When posting something questionable or offensive, don't rely on the delete button or a platform that deletes content within a certain time period. Another user can instantly screenshot your comments or images, even if you hastily scrub your timeline of them after thinking twice.

Swanson says teens should consider anything they post to social media as part of their permanent internet history and record, searchable by potential employers and college admissions counselors, not to mention friends and family.

If you're having a hard time determining what's appropriate, think about whether you'd make the same comments to someone's face, or whether you could hear someone you trust and admire behaving similarly. Even that's not always an adequate measure since adults, particularly on the internet, can behave cruelly or disrespectfully. Ultimately, if you have any doubts, it's probably best to skip that post.

2. Remember that you're bound to make mistakes.
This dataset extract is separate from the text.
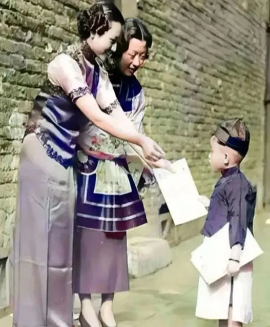 1934年的南京街头,两位打扮时髦的女子,卷发高跟鞋,手拿纸笔递给一位小学童。

Teenagers' brains aren't fully developed until they are young adults, says Swanson. The natural progression of growing up means you're going to shape your identity through trial and error. While that ideally wouldn't involve slurs of any kind, it's likely that you'll say or do something regrettable. "This is embarrassing, but this is not surprising," Swanson says of Hay's tweets.

Until the rise of social media, however, those moments didn't live on in infamy for most teens. The nature of viral content means that your tossed-off post could stoke national or international outrage — just ask Justine Sacco.

So even if it makes posting to social media more complicated, keep in mind that learning from poor judgment is part of maturing. By letting loose on social media, you may inadvertently share that process with the rest of the world.

3. Don't underestimate who you'll become.

"I don’t think the day she was sending those tweets she thought she would be a national public figure," says Swanson of Hay.There's no doubt that many teens feel that way too. It may seem impossible to imagine the public scrutinizing an informal conversation between your friends or criticizing you for an impulsive tweetstorm. Yet that can and will happen under certain circumstances, particularly if you've long forgotten about those exchanges and aspire to become a public figure.

And for this, Swanson has some inspirational advice: "We have to remind kids that they want to keep as many doors open as possible...Don't set [your] goals too low."